Assimilating the losses

I don’t think I have ever felt this sad. There were so many things that triggered the deceased’s memories, faces, and even the sounds of their voices. Grief can be a wolf and catch you unaware, like you’re suffocating. At work, at home, sometimes at night when I tried to sleep, my chest ached.

At the same time, we were very appreciative of our church family – many gave comforting words, cards, flowers, and caring hugs at a time we were in a kind of mystified state of mind. Death has an incredible ability to wipe away the fictions that we might be living in: our lack of stewardship with our lives; our forgetfulness that we are mortal. Certainly, I have been forgetful that death is the final enemy we all will face.
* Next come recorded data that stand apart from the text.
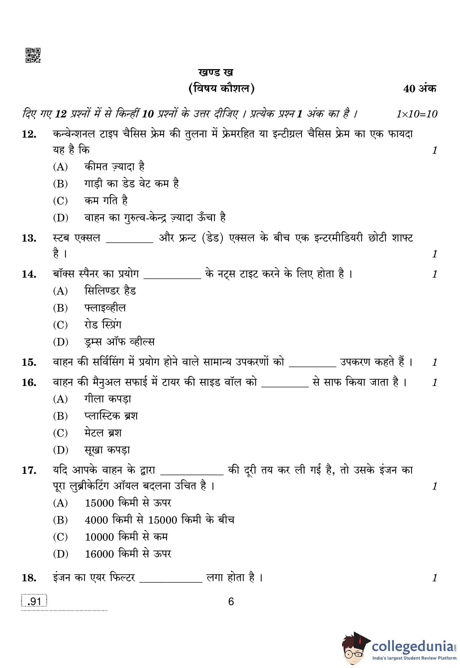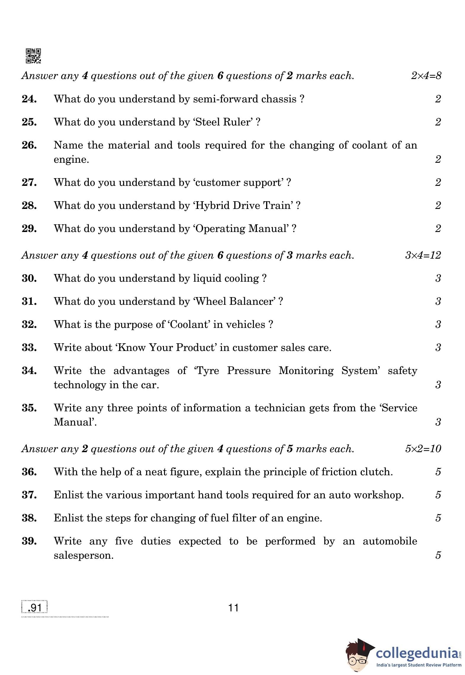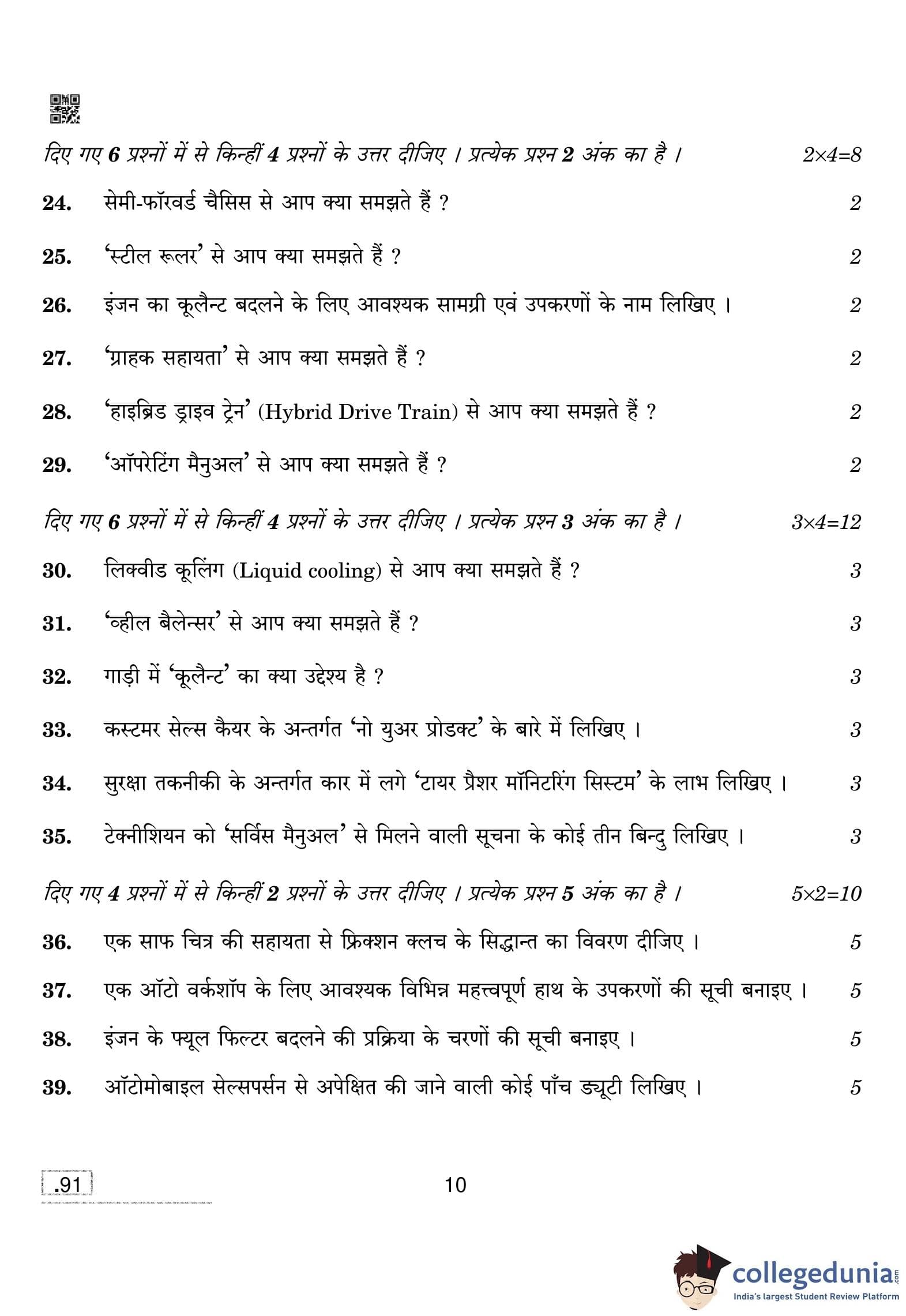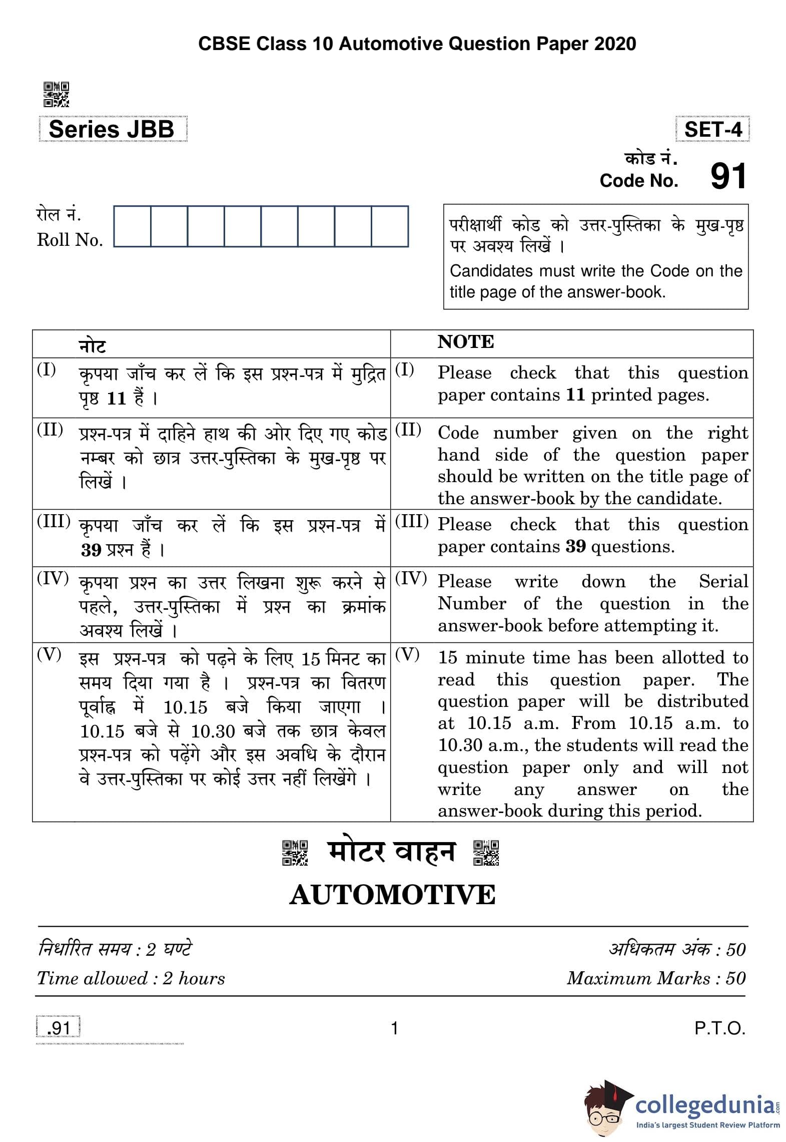 CBSE Class 10 Automotive Question Paper 2020 with Answer Key (February 15)
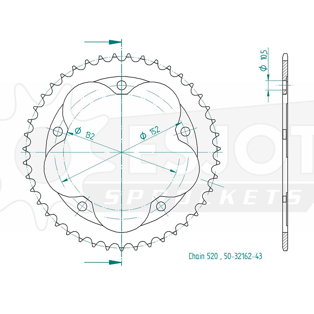 Produktinformationen "Esjot Kettenrad STAHL #520 43 Zähne"
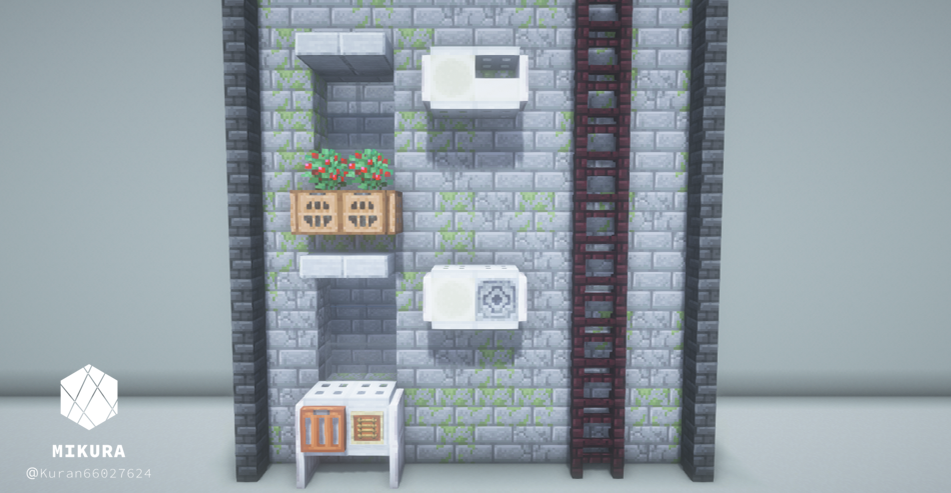 現代建築っぽい雰囲気にすることができる建築用パーツのアイデアをまとめました。エアコンの換気扇や自動販売機のデザインなど様々です。お好きなデザインのものを組み合わせてご利用ください。
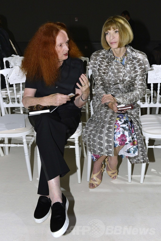 会場には、女優のエマ・ワトソン(Emma Watson)やモデルでデザイナーのイネス・ ド・ラ・フレサンジュ(Ines de la Fressange)のほか、伊『ヴォーグ(VOGUE)』のフランカ・ソッツァーニ(Franca Sozzani)編集長や米『ヴォーグ』誌のアナ・ウィンター(Anna Wintour)編集長など多彩なゲストらが姿を見せた。(c)AFP
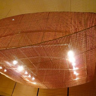 この磨きの竹四ツ目を多用されたのが素晴らしかったのです。納品された直後は、まだまだ真新しい竹の色合いを残しています。それが、時間の経過と共に飴色に変わり、色合いが深まっていくのです。ボク自身、色合いの美しさに見惚れて、写真を撮りたいと思ったのは、ホテルが完成してから何年も経ってからの事でした。
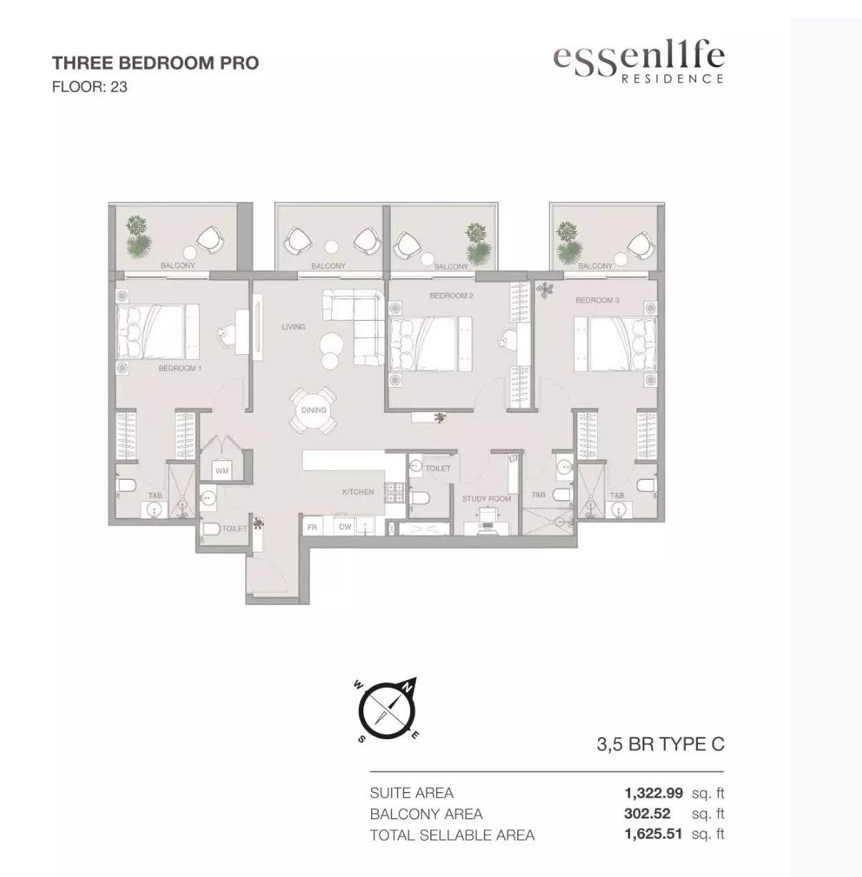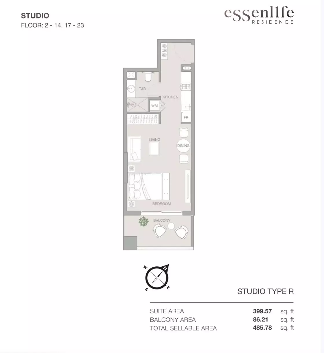 Essenlife offers a variety of thoughtfully designed apartments to suit different needs and lifestyles. The available unit types range from studio apartments to spacious four-bedroom homes. Studio apartments start at 752,000 AED and offer sizes between 435 to 488 sq ft, ideal for individuals or young professionals seeking efficient living spaces. One-bedroom units are priced from 1.2 million AED, with areas ranging from 793 to 1,540 sq ft, offering more room for comfort and functionality. Two-bedroom apartments are also available from 1.2 million AED, sized between 800 and 1,255 sq ft, suitable for small families or couples. Three-bedroom units are priced from 2 million AED and have a uniform size of 1,364 sq ft, providing balanced space and privacy. For larger households, four-bedroom apartments start at 2.3 million AED, with sizes ranging from 1,525 to 1,762 sq ft, offering ample space for family living. Each unit combines modern design with efficient layouts, catering to diverse buyer preferences.

There are many biblical texts we do not ponder carefully, like Luke 12:20: “This very night your life will be demanded from you.” Remarkably there have been moments during the grieving when I have felt God so palpably close to his creation – it is he who has been the Sovereign over the number of days that my grandmother, sister, and aunt lived (Psalm 139:16). This helps me realize more deeply that he is to be revered.

When we die, if we are fortunate, our eulogies will sum up our entire lives in about 15–30 minutes; but what will count is whether we chose Christ or not. There is some consolation for me that these three family members all died in Christ – for that I am eternally grateful.

At the same time, I believe we need to see our lives through the gospel and Scripture. I am reminded how important it is to tell people that you love them – it may be your last time. I’ve turned over many questions in my mind that have no answers; I wrestled with pieces that don’t fit between God and the suffering of an innocent person. I feel profoundly impacted on so many levels, particularly my views of the mercy and justice of God.

While questioning God during this time, I have found some helpful words in books. In When God is Silent, Barbara Brown Taylor writes, “God never does answer Job’s question. Job’s question was about justice. God’s answer is about omnipotence, and as far as I know that is the only reliable answer human beings have ever gotten about why things happen the way they do. God only knows. And we are not God. When the dust settles…Job admits, ‘I have spoken of the unspeakable and tried to grasp the infinite.’”

I have discovered a lot of helpful material on working through grief, but one book I would highly recommend, especially to those who have lost a sibling, is Living Through Grief When an Adult Brother or Sister Dies: Surviving the Death of a Sibling by T.J. Wray.

Our family is still working through stages of grief – our losses have been deep, some days are better than others, but we are grateful for the show of support from our church family.

Matthew Todd served almost 12 years as English track leader at Port Moody (B.C.) Pacific Grace MB Church, resigning in 2010 on account of the 3 deaths, to rest and attend to family.